• WORK INSTRUCTIONS
Excluding pictures, transcribe precisely the lines from the one containing "中信证券认为,近期人民币加速" to the final line of the listing below, inclusive, and nothing more.

INFORMATION SUPPLIED START

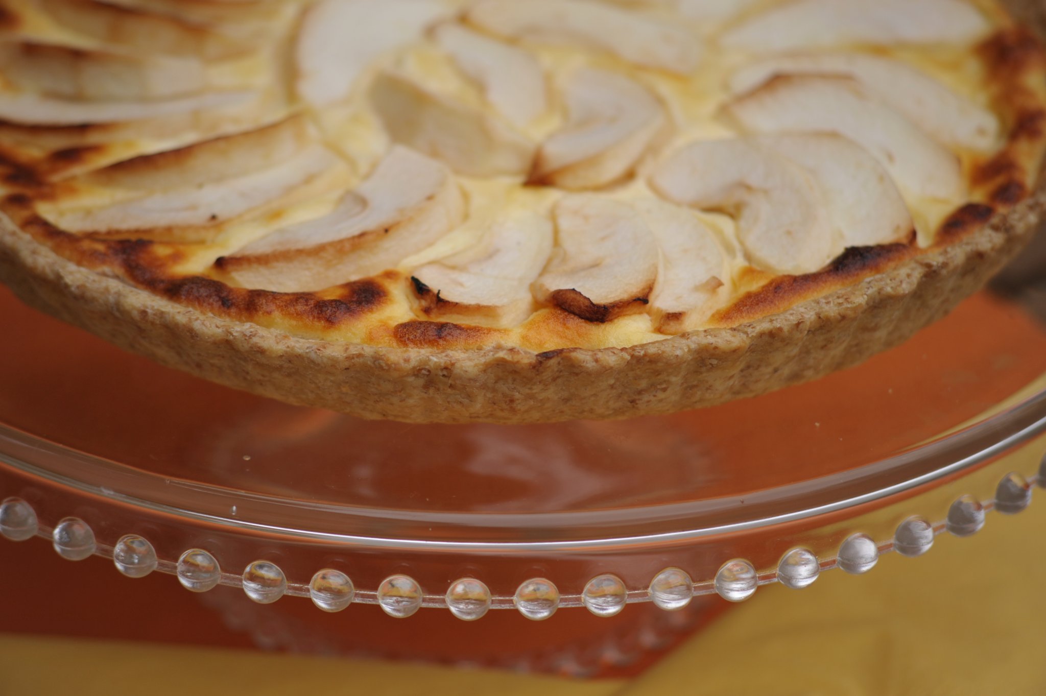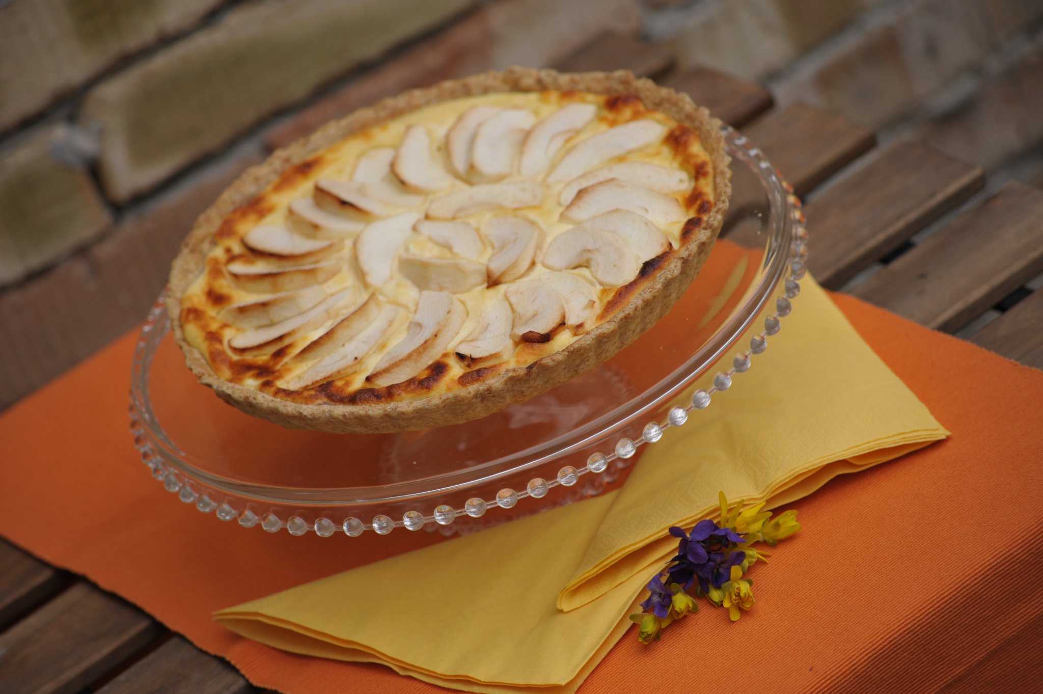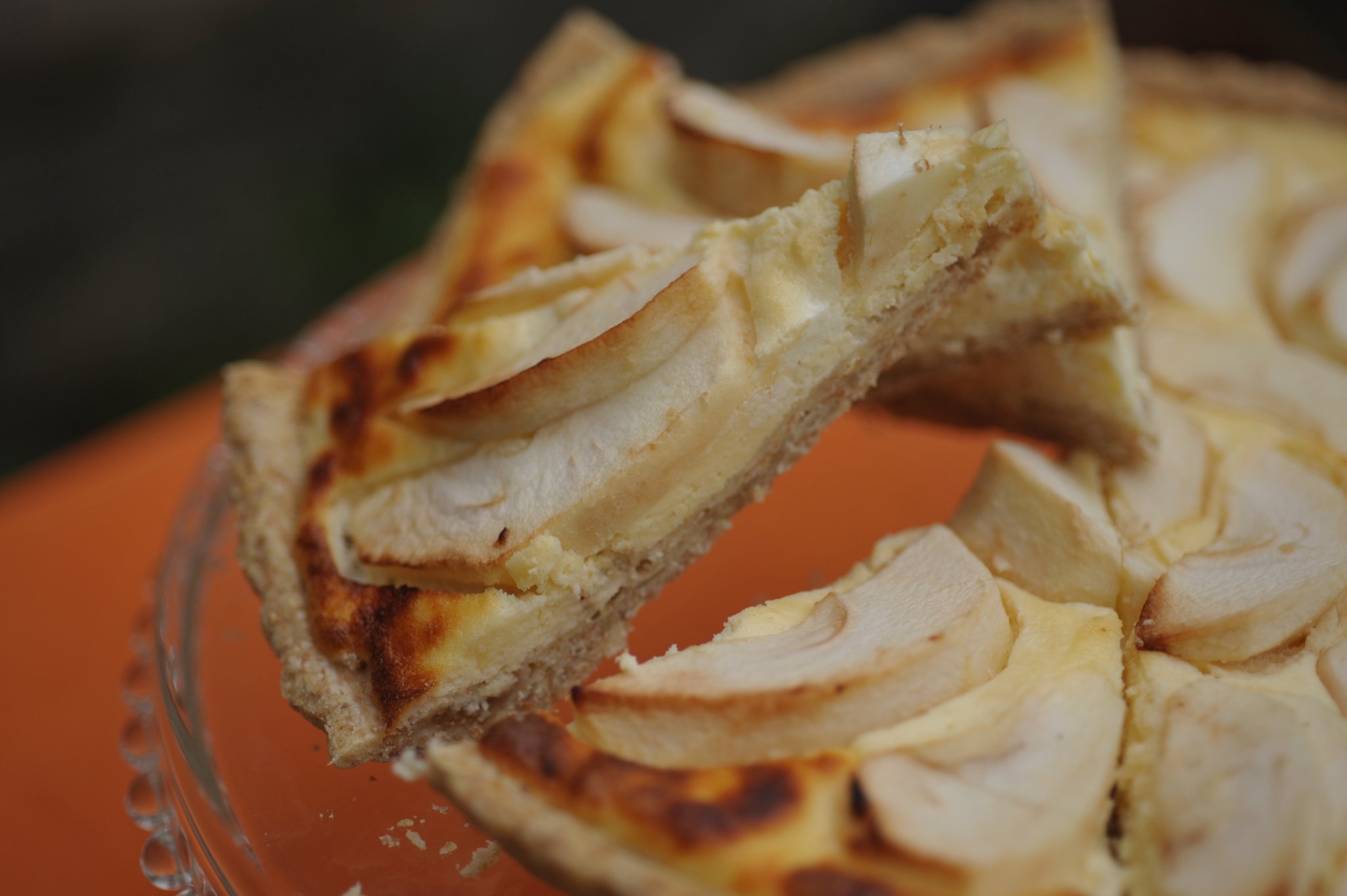 Én hiszek a vakon sütésben. Szóval, kivajazott piteformányira nyújtsd ki a tésztát, simítsd bele, picit szurkáld meg, fóliát rá, és rizset :). Mehet be a sütőbe légkeverésre, 170 fokra 10 percre, majd további tízre ugyanígy nehezék nélkül. Ha elősült a tésztád, kend meg almalekvárral, kanalazd rá túrós masszát, végül diadalittasan rakd ki szép almaszeletekkel, és told vissza a sütőbe.
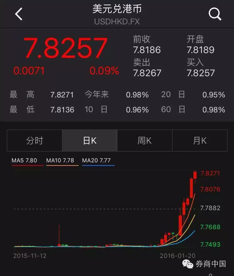 中信证券认为,近期人民币加速贬值对市场情绪的影响或是港币转弱的触发因素,而联储加息和香港脆弱的基本面是港币转跌的根本原因。市场对香港或因外储不足而放弃联系汇率制的担心是多余的。
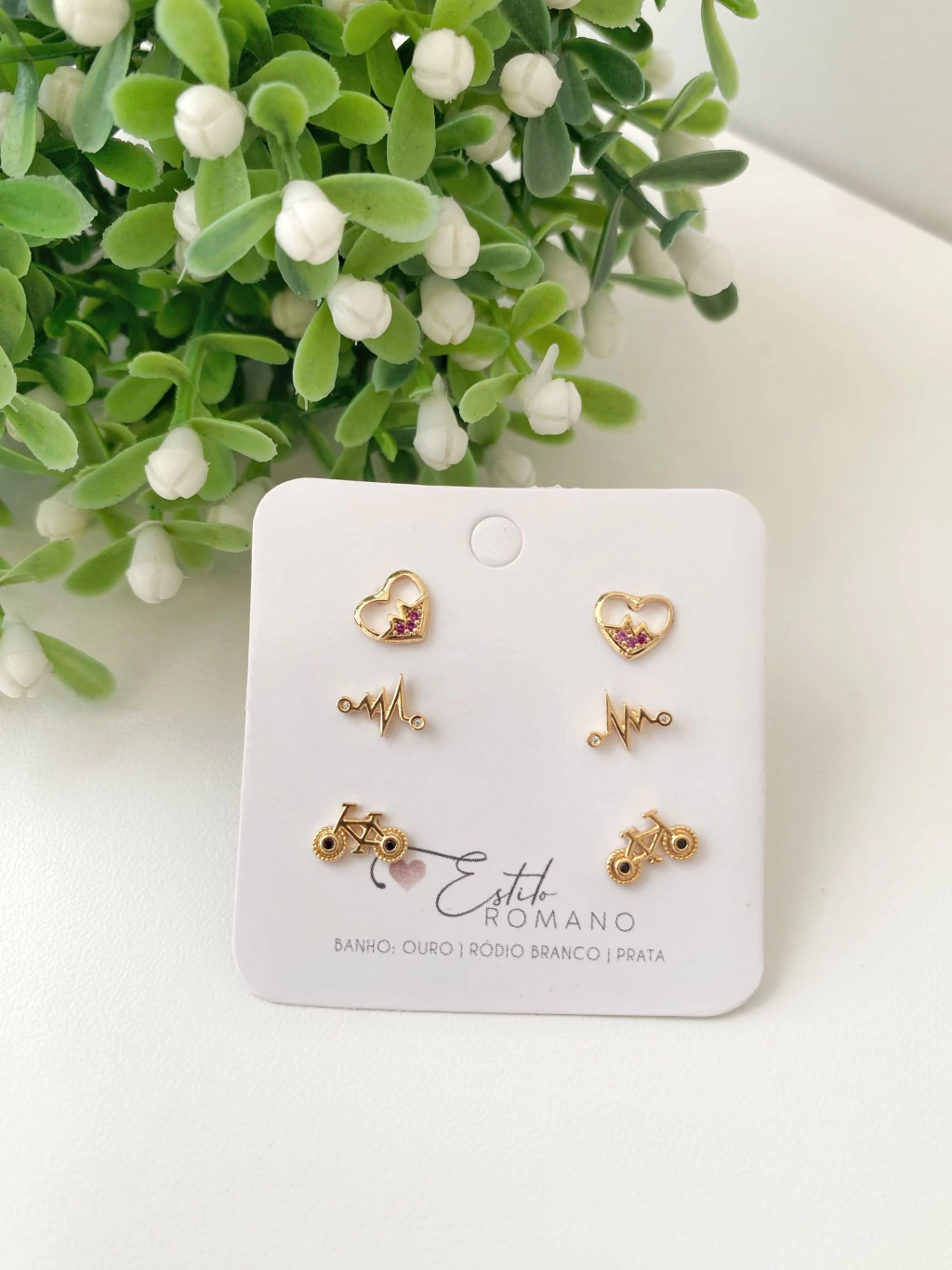 Esse trio de brincos é perfeito para quem ama pedalar e se expressar com estilo. Cada brinco traz detalhes delicados que remetem ao mundo do ciclismo, com um acabamento impecável em ouro que dá um toque de sofisticação. Uma peça leve e versátil, ideal para o dia a dia ou ocasiões especiais.
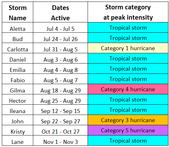In our region, 12 named storms formed; eight of those were tropical storms and the other four became hurricanes, of which three strengthened into major hurricanes (Cat 3 and higher).

INFORMATION SUPPLIED END

• FINISHED TASK
 中信证券认为,近期人民币加速贬值对市场情绪的影响或是港币转弱的触发因素,而联储加息和香港脆弱的基本面是港币转跌的根本原因。市场对香港或因外储不足而放弃联系汇率制的担心是多余的。
 Esse trio de brincos é perfeito para quem ama pedalar e se expressar com estilo. Cada brinco traz detalhes delicados que remetem ao mundo do ciclismo, com um acabamento impecável em ouro que dá um toque de sofisticação. Uma peça leve e versátil, ideal para o dia a dia ou ocasiões especiais.
In our region, 12 named storms formed; eight of those were tropical storms and the other four became hurricanes, of which three strengthened into major hurricanes (Cat 3 and higher).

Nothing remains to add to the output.